Вот хотя бы взять и сегодня — целая неделя болезни,
а солнце сияет на улице, и я, кажется, немало
наказан, поскольку все дни без работы, тут бы и подумать
с серьезностью над тем, в чем я был и грешен и
несправедлив и гадок к ближнему, так что отвернулись
от меня почти все мои друзья, ставшие ненужными,
но я — нет, все думаю о выздоровлении, которое одно
принесет мне компенсацию упущенного времени.

И вот что я вам скажу: это все от потаенной мысли,
что я себе не принадлежу и что эта вся свободность
моя — временная, не сегодня-завтра она кончится и
снова будут мной распоряжаться, как захотят, а раз
так, то и надо урвать это время с наибольшей приятностью.
Не знаю даже, согласитесь ли вы со мной,
вполне возможно, что собственная ваша жизнь протекала
по другому руслу, но мной — я настаиваю — вся
эта свобода воспринимается как случайная, и во сне
мне снится одно и то же: говорят, что мы, мол, вас выпустили
по ошибке, а теперь извольте снова — и год,
и два, и три… И даже самая эта ситуация, в которой
довелось побывать, она ясно представляется уже только
во сне, а так вспоминаются одни детали, никак не
дающие целого. Например, солдатский сортир…

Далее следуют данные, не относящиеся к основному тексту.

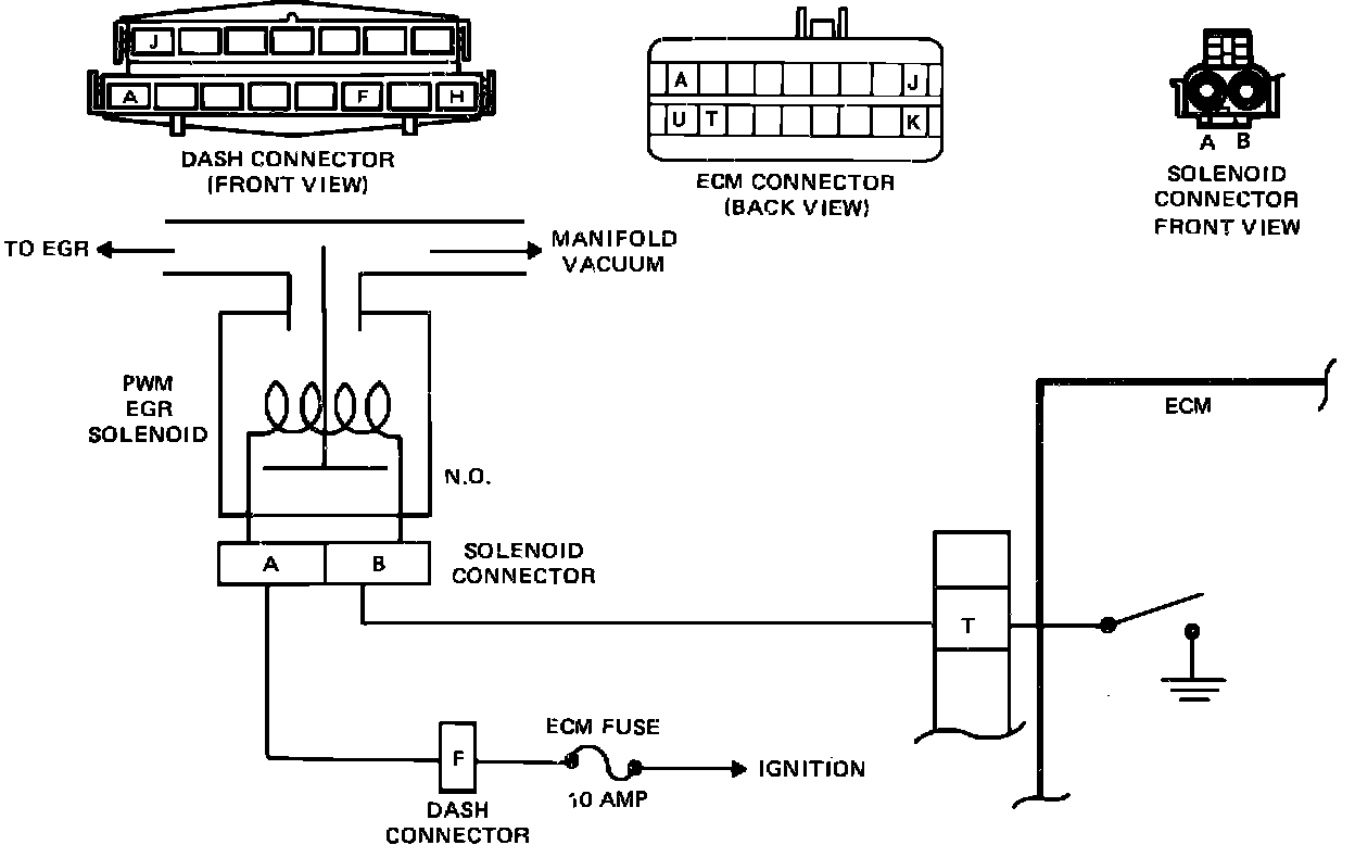 PWM EGR is an ECM control that pulses the vacuum signal to the EGR. This is accomplished through an EGR solenoid that when energized by the ECM shuts off the vacuum to the EGR. This system can pulse the solenoid many times per second (PWM). The EGR solenoid is always energized (EGR off when the transmission is in park or neutral.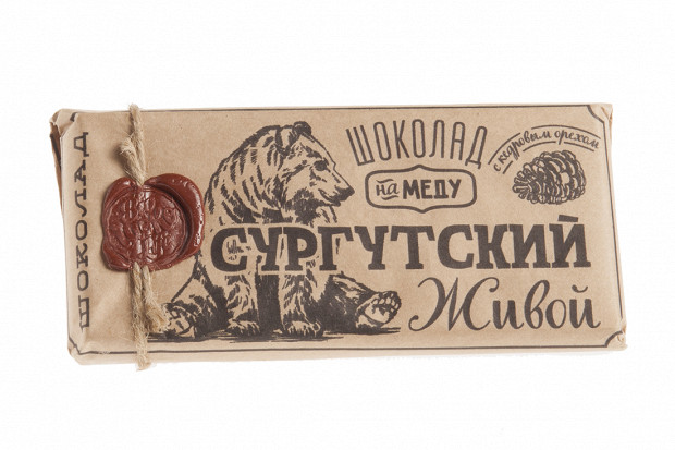 На этом сверхремесленном шоколаде, на обороте упаковки, слова, бьющие в самое сердце потребителя, который считает себя ответственным: и органический, и био, и натуральный. Да и на лицевой тоже: на меду и еще живой. Кому он живой? Зачем он живой? Затем, что он не проходит термическую обработку: как можно узнать на сайте производителя, сургутской компании «БиоШокоЛайф», нагрев до 36 градусов они таковой не считают. Обратите внимание на сургуч: он действительно настоящий, и им действительно проштемпелевали упакованную плитку — откроете и увидите внушительный след на шоколаде. Кстати, как вы думаете, кто изображен на упаковке, медведь или тигр? У нас мнения разделились.

Дело в том, что просыпаешься ты еще до подъема, за
несколько минут, от страха, что сейчас будут будить,
или от того, что сержанты уже встают и разговаривают
громким голосом, потому что все рано будить придется.
Но ты все еще лежишь и опасаешься чего-то, а
именно громкого крика: «Рота, подъем!» — боишься,
что он вот-вот раздастся, и он раздается: «Рота, подъем!» — «Взвод, подъем!» — «Отделение, подъем!» И потом
— «Выходи строиться». С этого момента кончается
твой подневольный сон и начинается подневольное
движение в продолжение целого дня. На улицу ты
должен выйти в ночной рубахе, потому что зарядка, но
еще до зарядки будет много холода, потому что зима и
даже здесь, в теплой Араратской долине, в шесть утра
все же морозно. Возле казармы, огромного глинобитного
амбара с двухэтажными койками, мы стоим, дожидаясь
тех, кто замешкался внутри, потом бежим
через плац в дальний конец, где такой же, как наша
казарма, глинобитный и длинный солдатский сортир.
На улице морозно, так что мы плечом к плечу не спеша
мочимся в длинный желоб, устроенный внутри сортира,
а сзади, надев на шею ремни, оправляются те,
чья нужда обстоятельней, и, если б не эти засранцы,
которым с утра приспичило, в сортире была бы вполне
клубная обстановка, а так, пожалуй, нет, и, плюнув
в их сторону, ты выходишь на холод и глядишь
с отвращением на нежно-розовую снеговую вершину
двугорбого Арарата. На улице еще почти никого нет,
черт его знает, где они все, наверное, еще в сортире,
ты ежишься в ночной рубашке х/б, но не двигаешься,
потому что двигаться еще заставят, а тебе бы сейчас
постоять бы да подремать, прежде чем начнут гонять
вокруг всего плаца в тяжелых кирзовых сапогах до тех
пор, пока эта двугорбая гора не запляшет у тебя перед
глазами в ритм сердцу. Так что, в конце концов, ты поворачиваешь
и снова идешь в тепло, в сортир, и снова
стоишь, прислоняясь плечом к ближнему, пока не выгонит
нас всех из сортира рота связи, у которой та же
нужда, — выгонит уже на целый долгий день…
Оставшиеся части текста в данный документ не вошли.